Remember: the objective is not just to raise tax, more to make children healthier
In a way, the success of this soft drinks tax will not be judged by how much money the UK government receives in its coffers, but rather whether or not it achieves a reversal of the worrying rise in childhood obesity via a change in drinking habits combined with higher levels of exercise.
The fact that this tax is not to be applied until 2018 gives soft drinks companies plenty of time to change the formulation of their drinks. The likes of Coca-Cola, Pepsi and Britvic have time to introduce healthier variants of their most popular soft drinks, replacing sugar partially or fully with such naturally-derived sweeteners, such as Stevia.
Note how UK soft drinks maker Britvic, owner of such iconic soft drinks brands such as Robinsons, Tango, J2O and Fruit Shoot, saw only the smallest of share price reactions post-budget (Chart 5).
Firstly, they are already well-positioned to benefit from any move away from sugary soft drinks like Coca-Cola to lower-sugar, flavoured water alternatives with their Fruit Shoot and J2O brands.
Secondly, all soft drinks companies including Britvic are busily developing new, alternative formulations of their most popular soft drinks which will not be subject to this new sugary drinks tax.
And thirdly, soft drinks companies, like Britvic, Coca-Cola and Pepsi-Cola, may well launch a legal appeal against the application of this new tax, arguing that it unfairly discriminates against soft drinks, while not giving the same treatment to producers of fruit juices and milkshakes, which can also be very high in sugar content. So this tax may never even see the light of day.
What to do: Tate and Lyle might surprisingly be a winner
Which companies can benefit from the move away from sugar and soft drinks and foods towards no-calorie sweeteners like Splenda, which is based on the artificial sweetener sucralose, and Stevia, which is derived from the naturally-occurring stevia plant?
- Tate and Lyle (UK code: TATE) are the exclusive producers of the Splenda artificial sweetener in the UK. Splenda is increasingly being adopted by soft drinks manufacturers in their low/no-calorie soft drinks as the sweetener of preference, instead of aspartame and saccharine.

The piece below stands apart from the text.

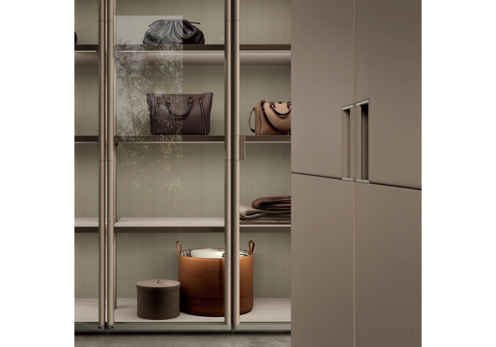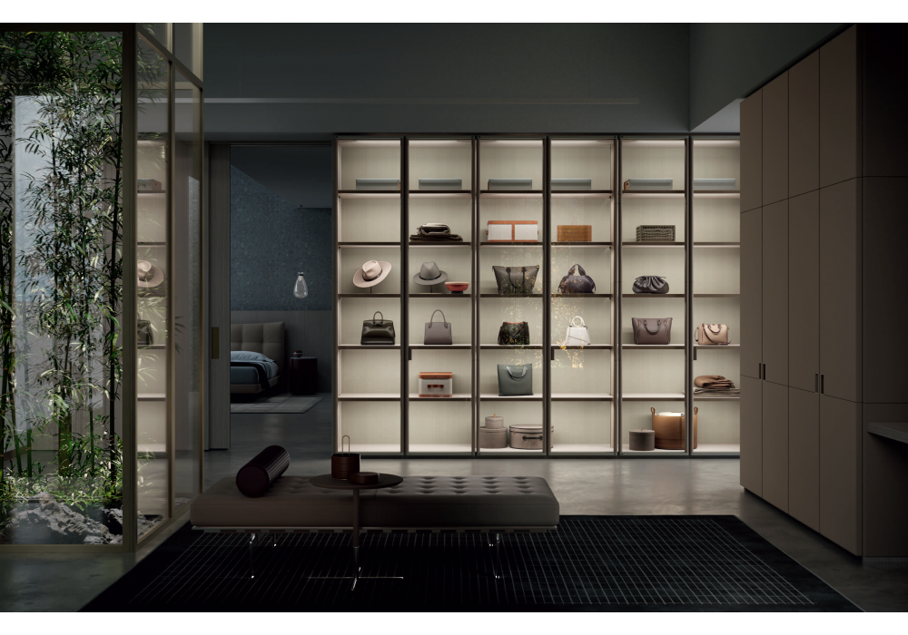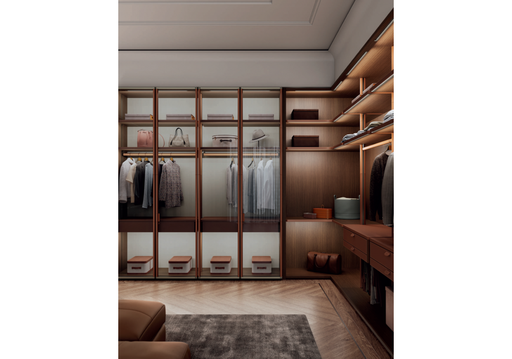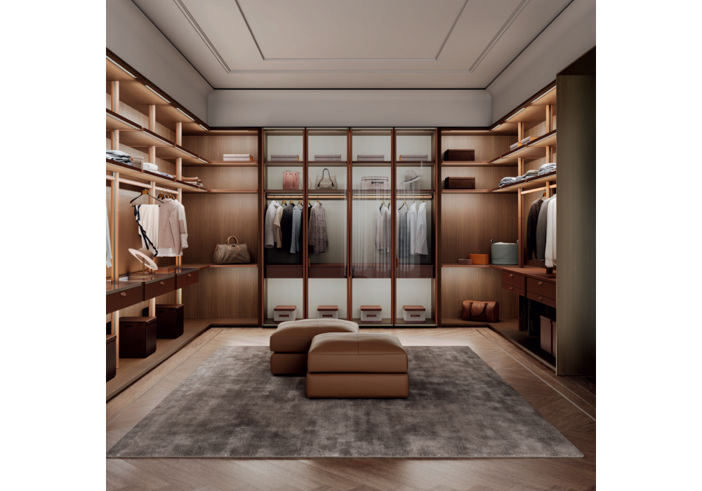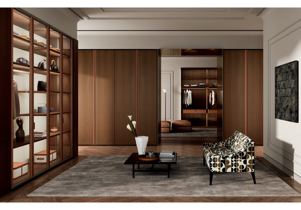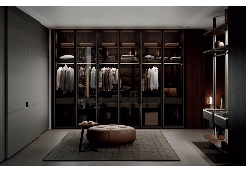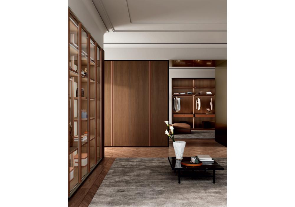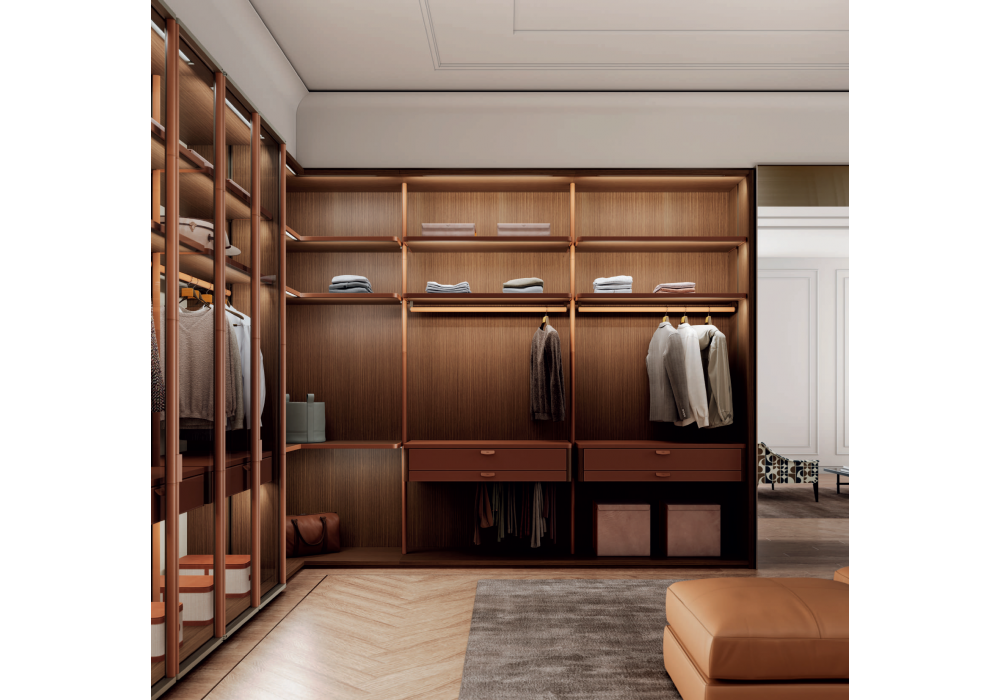 DressCove Night System von Dante Bonuccelli für Poltrona Frau entworfen, ist das erste Komplettsystem für Kleiderschränke und begehbare Kleiderschränke. Es ist eine perfekte Synthese aus Handwerkskunst, Design und individueller Gestaltung und vereint edle Materialien wie Holz, Metall und Pelle Frau® in einer eleganten und funktionalen modularen Struktur. Erhältlich in zwei Konfigurationen – seitliches System und Hochformat – ermöglicht es offene oder geschlossene Lösungen mit Flügel- oder Schiebetüren. Integrierte Beleuchtung, individuelle Accessoires und raffinierte Details runden ein Projekt ab, das den Schlafbereich stilvoll und raffiniert gestaltet.

- Pure Circle (UK code: PURE) is a UK-listed company based in Malaysia that produces sweeteners based on Stevia.
But the real long-term winners could be those companies that are producing bottled water and flavoured waters, including the likes of soft drinks makers Britvic and Pepsi.
Another long-term winner from the shift away from sugary soft drinks towards coffee (as in the US) could also be Whitbread (code: WTB), owners of the ubiquitous coffee chain Costa Coffee.